Bonjour,
Si de plus en plus de "journalistes" - un terme assez vague permettant de regrouper pour mieux les déprécier ceux dont les travaux peuvent contredire les détenteurs (auto-proclamés) de la Grande Vérité Historique - s'intéressent à Charles de Gaulle, c'est bien, me semble-t-il, qu'il y avait là des manques et une carence historiographiques.
J'ai déjà dit ici ce que je pensais du procédé qui consiste à remettre en cause les compétences de chercheurs qui ne sont pas d'accord avec des synthèses érigées en dogmes pour ne pas y revenir.
Simplement, concernant l'essai très pertinent de Jean-Luc Barré, l'originalité de son approche mérite d'être soulignée. Mandaté par les responsables de la Pléiade, l'auteur de "Devenir de Gaulle" a travaillé à l'établissement d'une version "définitive" des "Mémoires de guerre" pour la prestigieuse collection.
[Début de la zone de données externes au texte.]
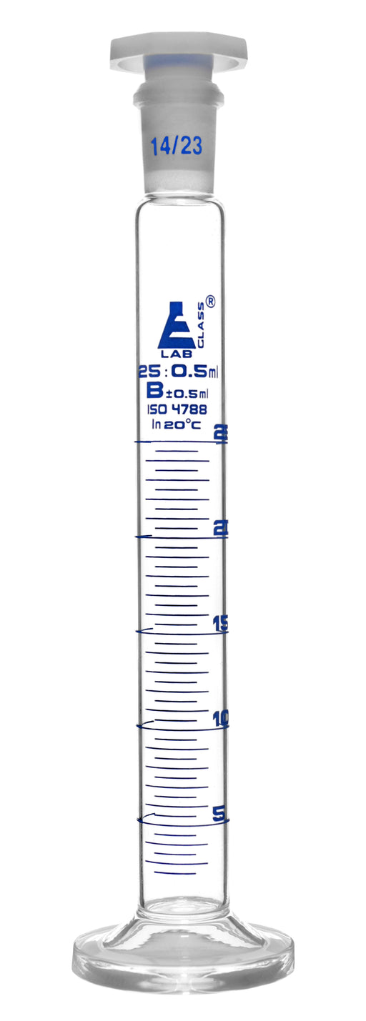 Class B measuring cylinder made of high quality borosilicate 3.3 glass Fitted with interchangeable 14/23 polypropylene stopper Sub. Div.: 0.5ml, T...

En cherchant dans les différentes versions manuscrites, il a découvert des documents inédits dans les archives considérables ouvertes pour lui par l'amiral Philippe de Gaulle, documents qu'il estima assez intéressants, voire passionnants pour en proposer une lecture ouverte dans le cadre de l'essai qui a pour champ les 3 ans et six mois cruciaux de la constitution du gaullisme de guerre.
Spécialiste de l'écriture gaullienne, J.-L. Barré nous propose l'histoire d'un cheminement : celui d'un auteur - de Gaulle - qui "n'écrit pas pour se livrer mais pour se construire. Beaucoup de ce qui est révisé, remodelé, mis en forme sinon EN SCENE (je souligne), au terme d'une longue et difficile confrontation avec les mots, consiste à occulter patiemment le cheminement individuel au profit de LA DESTINEE SYMBOLIQUE.(...) Réduit dans le texte définitif des "Mémoires de guerre" à l'évocation de hauts faits symboliques, ce cheminement est resté le SECRET de Charles de Gaulle." (Avant-propos, p. 12)
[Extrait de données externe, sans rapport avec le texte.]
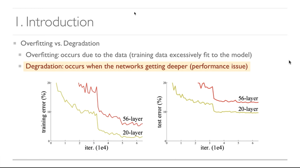 ResNet 논문에서는 많은 층으로 구성되어 있는 네트워크가 항상 좋은 퍼포먼스를 보여주는 것은 아니다 라고 시작하면서, 과거에는 많은 층으로 구성된 네트워크가 Overfitting 문제로 좋은 퍼포먼스를 보여주지 못하였음을 말합니다. 하지만 레이어 weite를 처음에 잘 초기화하고 좀 더 효율적인 normarization 방법으로, 이 문제가 어느 정도 해결되었고, 지금 상황에서는 Degradation 문제 때문에 많은 층으로 구성된 네트워크가 더 적은 층으로 구성되어 있는 네트워크에 비해 성능면에서 더 떨어지는 결과를 보여준다고 설명합니다.

Charles de Gaulle fut autant (voire davantage) un homme de mots que d'épée. L'essai de Barré nous propose à partir de récit gaullien d'aller rechercher les réalités historiques comme autant de "couches" constitutives qui ont permis la relation de l'épopée singulière de la France libre réécrite et donc reconstruite par le Connétable pour la postérité. Cette étude très fine se fonde sur l'importance essentielle du pouvoir du verbe chez celui qui quitta toutes les séries en juin 1940. En nous proposant des exemples de rajouts mais surtout des retraits significatifs pratiqués dans son manuscrit par l'auteur, Barré, après les avoir confrontés à d'autres sources souvent inédites (correspondances, rapports et autres mémos des conseillers et compagnons de Charles de Gaulle), nous permet de retrouver le contexte, les enjeux et les protagonistes de l'histoire de la France libre.